ER&L 2016: Access Denied!

outlier
“outliers” by Robert S. Donovan

Speakers: Julie Linden, Angela Sidman, and Sarah Tudesco, Yale University

Vendors often use the data from COUNTER turn away reports as marketing tools to convince a library to purchase new content.

How are users being turned away from the content? How are they finding it in the first place? Google/Google Scholar, PUBMED, and publisher platforms that don’t allow for limiting to your content only are generally the sources.

Look for patterns in the turnaway data. Does it match the patterns in your use data and the academic year? Corroborate with examples from access issue reports. This can lead to a purchase decision. Or not.

Look for outliers in the turnaway data. What could have caused this? Platform changes, site outages (particularly for content you do license but appears on the turnaway report), reported security breaches, etc. You can ask for more granular data from the vendor such as turnaways by day or week, as well as IP address. You can ask the vendor for contextual information such as platform changes/issues, and more pointedly, do they think the turnaways are coming from real users.

Combine the data from the turnaway reports with ILL requests. Do they match up? This might mean that those titles are really in demand. However, bear in mind that many users will just give up and look for something else that’s just as good but available right now.

Analysis checklist:
IF you see a steady pattern:

  • Check holdings for access to the content
  • Consider the access model (MU/SU)

IF you see outliers:

  • Consider outside events

ASK the vendor for more information

  • Can you provide more granular data?
  • Can you provide contextual information?
  • Do you think this represents real users?

Audience Q&A:

Journal turnaways can include archival years for current subscriptions that aren’t included.
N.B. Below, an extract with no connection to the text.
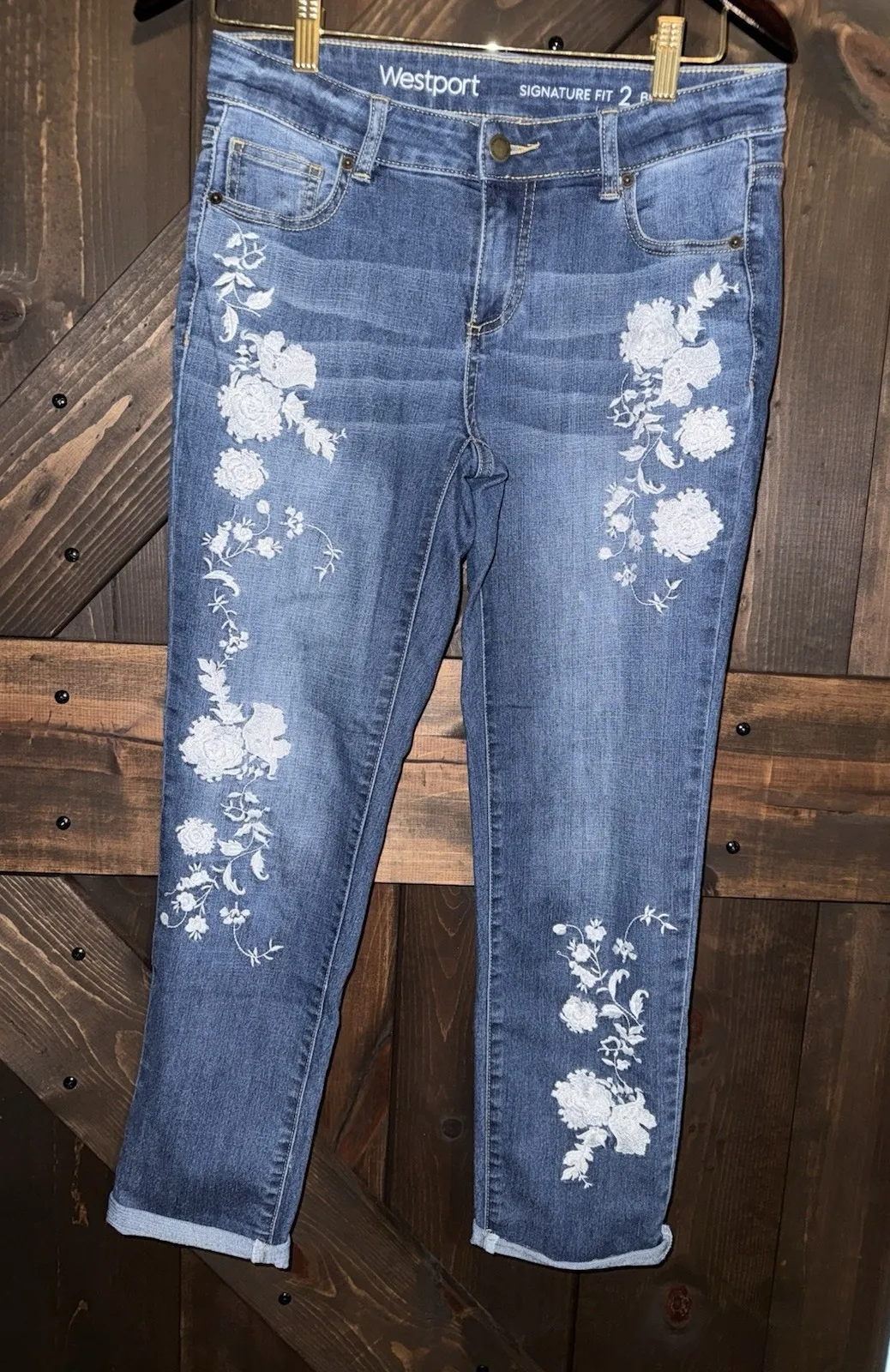 Westport Signature Fit 2 Boyfriend Skinny Jeans Stretch Floral Embroidered‎ Sz 2 Blue - $16 - From Dana

One very aggressive vendor used the library’s purchase request form to flood them with requests from users that don’t exist.

How are the outliers documented? Hard to do. Vendors certainly hang on to them, even when they acknowledge they know this isn’t legit.

ER&L 2016: COUNTER Point: Making the Most of Imperfect Data Through Statistical Modeling

score card
“score card” by AIBakker

Speakers: Jeannie Castro and Lindsay Cronk, University of Houston

Baseball statistics are a good place to start. There is over 100 years of data. Cronk was wishing that she could figure the WAR for eresources. What makes a good/strong resource? What indicators besides usage performance should we evaluate? Can statistical analysis tell us anything?

Castro suggested looking at the data as a time series. Cronk is not a statistician, so she relied on a lot of other folks who can do that stuff.

Statistical modeling is the application of a set of assumptions to data, typically paired data. There are several techniques that can be used. COUNTER reports are imperfect time series data sets. They don’t give us individual data points (day/time). They are clumped together by month, but aside from this, they are good for time series. There is equal spacing and time of consistently measured data points.

Decomposition provides a framework for segmented time series. Old data can be checked by newer data (i.e. 2010-2013 compared to 2014) without having to predict the future. Statistical testing is important in this. Exponential smoothing eliminates noise/outlier, and is very useful for anomalies in your COUNTER data due to access issues or unusual spikes.

Cronk really wanted to look at something other than cost/use, which was part of the motivation to do this. Usage by collection portion size is another method touted by Michael Levine-Clark. She needed 4+ years usage history for reverse predictive analysis. Larger numbers make analysis easier, so she went with large aggregator databases for DB and some large journal packages for JR.

She used Excel for data collection and clean-up, R (studio) for data analysis, and Tableau (public) for data visualization. R studio is a lot more user-friendly than the desktop. There are canned analysis packages that will do the heavy lifting. (There was a recommendation forRyan Womack’s video series for learning how to use R.) Tableau helped with visualization of the data, including some predictive indicators. We cannot see trends ourselves, so these visualization can help us make decisions. Usage can be predicted based on the past, she found.

They found that usage over time is consistent across the vendor platforms (for journal usage), even though some were used more than others.

The next level she looked at was the search to session ratio for databases. What is the average? Is that meaningful? When we look at usage, what is the baseline that would help us determine if this database is more useful than another? Downward trends might be indicators of outside factors.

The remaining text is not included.